A lightweight Instagram media scraper that extracts post summaries, media download links, and engagement metadata from public profiles. It helps developers, researchers, and marketers quickly collect structured Instagram post data without login or complex setup.
Created by Bitbash, built to showcase our approach to Scraping and Automation!
If you are looking for instagram you've just found your team — Let’s Chat. 👆👆
This project extracts recent public Instagram posts from multiple usernames and returns direct media URLs with rich metadata. It solves the problem of quickly accessing usable Instagram post data for analysis, archiving, or integration, without manual browsing. It is designed for developers, analysts, students, and social media professionals who need simple, reliable access to public content.

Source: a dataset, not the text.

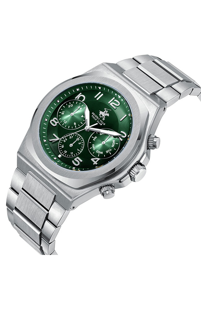 Ανδρικό ρολόι Beverly Hills Polo Club από ανοξείδωτο ατσάλι με πράσινο καντράν και ασημί μπρασελέ.

- Works with public profiles only and requires no authentication
- Supports up to 10 usernames per run with up to 12 posts each
- Extracts images, videos, and carousel cover media
- Returns engagement metrics and timestamps in structured format
| Feature | Description |
|---|---|
| Multi-user support | Process up to 10 Instagram usernames in a single run. |
| Media extraction | Collect images, videos, and carousel cover images. |
| Direct download links | Provides real media URLs ready for download or processing. |
| Engagement metadata | Extracts likes, comments, views, and timestamps. |
| Lightweight workflow | Fast startup and minimal configuration required. |
| Field Name | Field Description |
|---|---|
| username | Instagram username that owns the post. |
| postUrl | Direct URL to the Instagram post or reel. |
| mediaDownloadUrl | Downloadable URL of the image or video media. |
| mediaType | Type of media: image, video, or carousel. |
| title | Caption title or headline text of the post. |
| description | Full or partial post caption text. |
| likes | Total number of likes on the post. |
| comments | Total number of comments on the post. |
| timestamp | Original posting time in ISO format. |
| scrapedAt | Time when the data was collected. |
| dimensions | Width and height of the media asset. |
| videoViewCount | Total views for video posts, if available. |
[
{
"username": "nick_saraev",
"postUrl": "https://www.instagram.com/reel/DNj0JScvl7j/",
"mediaDownloadUrl": "https://scontent.cdninstagram.com/video.mp4",
"mediaType": "video",
"title": "Comment \"VIDEO\" to get this free open-source AI video model",
"description": "Comment \"VIDEO\" to get this free open-source AI video model...",
"likes": 2278,
"comments": 1746,
"timestamp": "2025-08-20T02:12:16.000Z",
"scrapedAt": "2025-08-20T22:36:56.082Z",
"dimensions": {
"width": 640,
"height": 1137
},
"videoViewCount": 19224,
"success": true
}
]
instagram-media-summary-scraper/
├── src/
│ ├── main.py
│ ├── scraper/
│ │ ├── profile_fetcher.py
│ │ ├── post_parser.py
│ │ └── media_resolver.py
│ ├── utils/
│ │ ├── time_utils.py
│ │ └── http_client.py
│ └── config/
│ └── settings.example.json
├── data/
│ ├── input.sample.json
│ └── output.sample.json
├── requirements.txt
└── README.md
- Social media managers use it to analyze recent posts across multiple accounts, so they can compare engagement performance quickly.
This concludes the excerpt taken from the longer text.